[Supplied information]
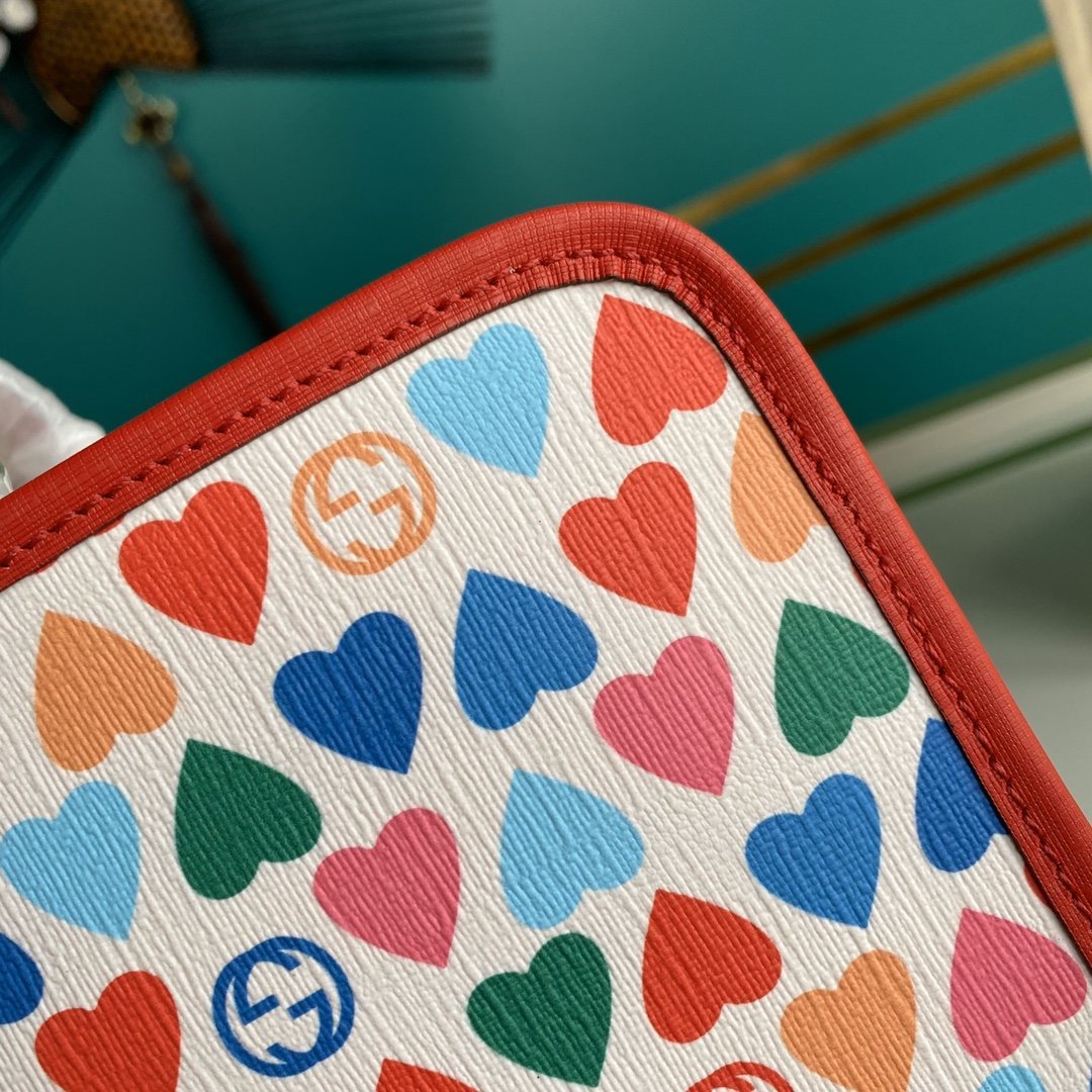 • Lona Supreme marfil con estampado de corazones GG, un material con un impacto medioambiental reducido
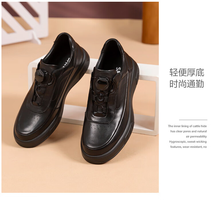Sachi Men's Shoes 2025 New Fashion Casual Shoes Comfortable Light Soft Round Toe Knob Buckle Thick Sole Commuting Men's Shoes Black (X20522401) 41 European Size (National Code 42)
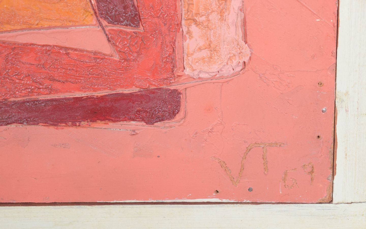 Abstrakt ekspressiv komposition opbygget i et mosaiklignende formsprog med varme røde og rosa nuancer, hvor flader og rytmiske opdelinger danner et dynamisk og dekorativt helhedsindtryk. Signeret VT.
[/Supplied information]
Work to complete: Print the data word for word and omit the pictures.

Solved problem:
 • Lona Supreme marfil con estampado de corazones GG, un material con un impacto medioambiental reducido
Sachi Men's Shoes 2025 New Fashion Casual Shoes Comfortable Light Soft Round Toe Knob Buckle Thick Sole Commuting Men's Shoes Black (X20522401) 41 European Size (National Code 42)
 Abstrakt ekspressiv komposition opbygget i et mosaiklignende formsprog med varme røde og rosa nuancer, hvor flader og rytmiske opdelinger danner et dynamisk og dekorativt helhedsindtryk. Signeret VT.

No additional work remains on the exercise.